# Module 3: XML

In the digital world, data is often stored in XML documents. Understanding how they work, and being able to work with them is essential for a Data Engineer.

During this training we will go into detail about XML documents, and how to work with them in Python. During the training we will follow the following outline:
1. What is XML?
2. The ElementTree library 
3. Complex XML operations
4. Parsing XML documents

Enjoy!

Run the following cell to import all necessary libraries.

In [None]:
import xml.etree.ElementTree as ET
import pandas as pd

### Section 1: What is XML? (15 min)

XML stands for Extensible Markup Language, and it is very commonly used on webpages. XML creates a hierarchical, tree-like structure, and this structure helps it to be easily interpretable. There is a clear hierarchy in XML documents, as well as a useful flexibility. For those familiar to HTML, the XML document structure will feel very recognizable.
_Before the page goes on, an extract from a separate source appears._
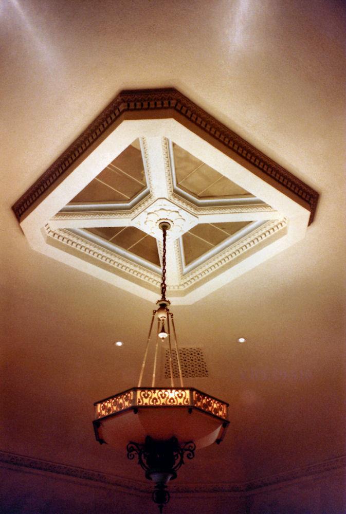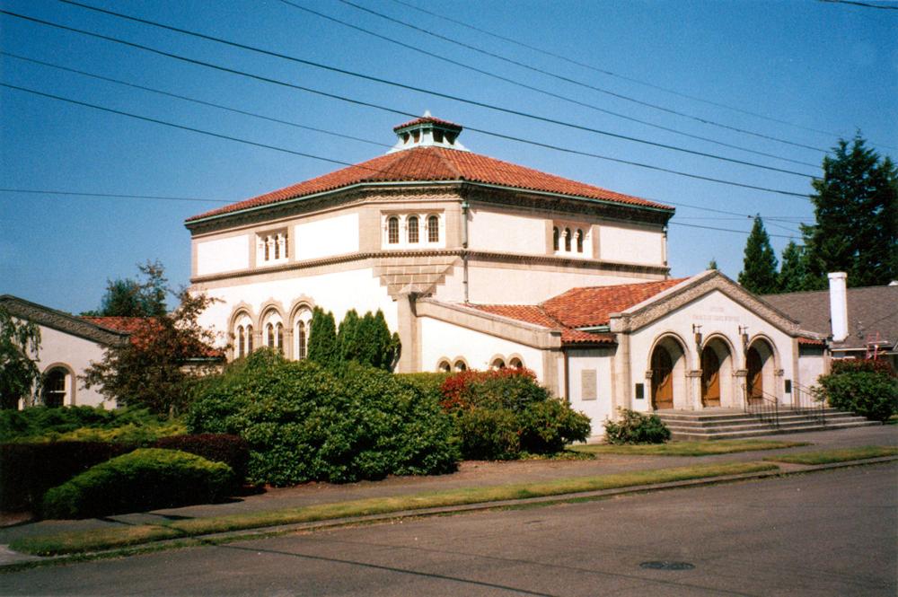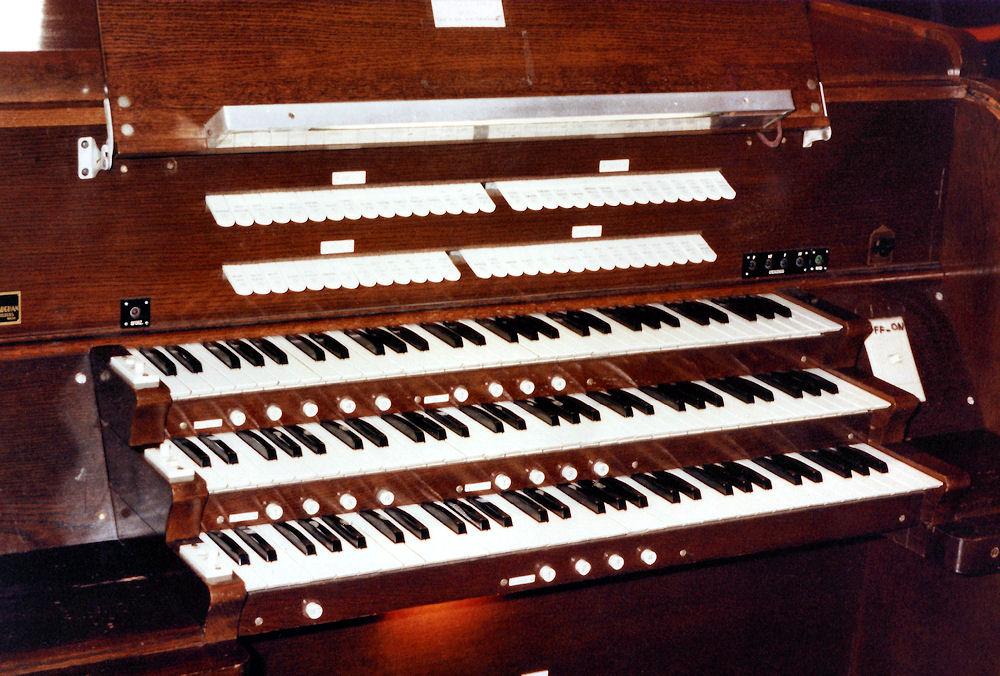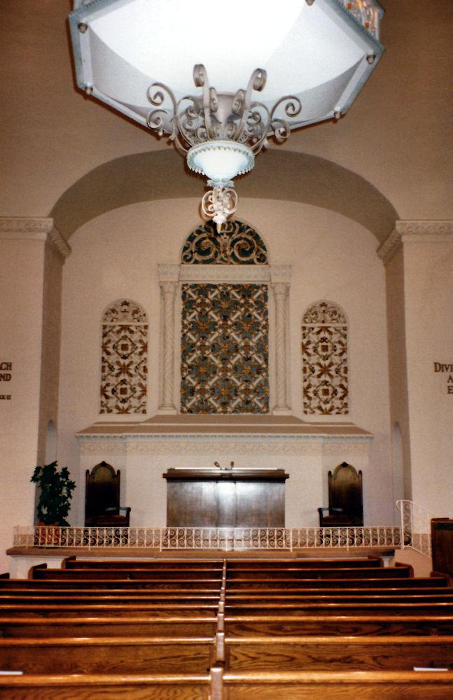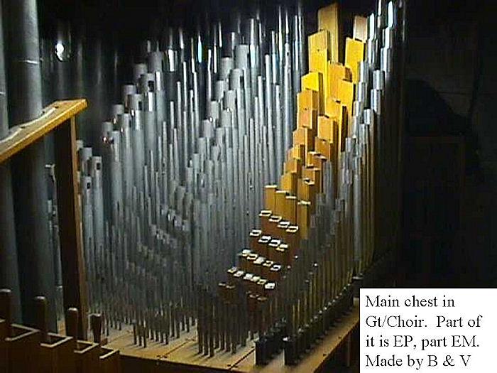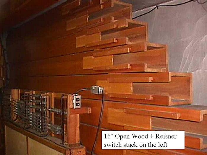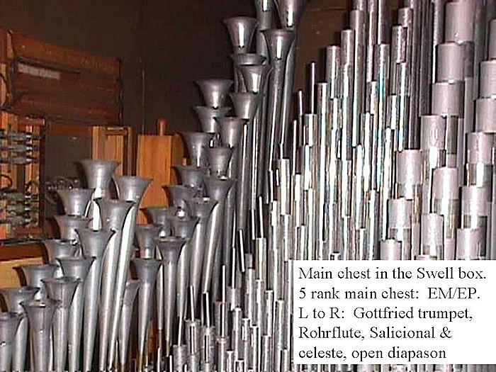 Identified through online information from James R. Stettner. -- The organ is very oddly installed. The Great and Choir are in a basement chamber together, and speak up through a grate in he ceiling to a chamber space covered by an ornamental metal grille at the center of the church behind the Reader's platform. The Swell is in a chamber above the ceiling, and speaks out into a small octagonal space which is above a large, grille-covered opening in the center of the ceiling. The Swell and Gt/Ch are NEVER in tune with one another! The original comb. action was replaced with a new solid state system by Marceau & Associates of Portland, Oregon. At present (10/2006) the building has been sold and is scheduled to be razed and replaced. The disposition of the organ is being decided.

Let's have a look at an example. The image below is an example of a (very) limited XML document on energy consumption.

![A-XML-sample-document-including-energy-consumption.png](attachment:A-XML-sample-document-including-energy-consumption.png)

When look at the example above, a few things stand out. Let's address them one at a time.

First we'll have a look at tags. A tag is a markup construct that starts with a '<', and ends with a '>'. In the example above there are many tags, including '< Property >', '< Name >', and '< Value >'. As you may notice in the example, tags are always in pairs. There is a starting tag which indicates the start of a new tag, and there is a closing tag, which indicates the end. You can differentiate the two by the backslash within the second tag.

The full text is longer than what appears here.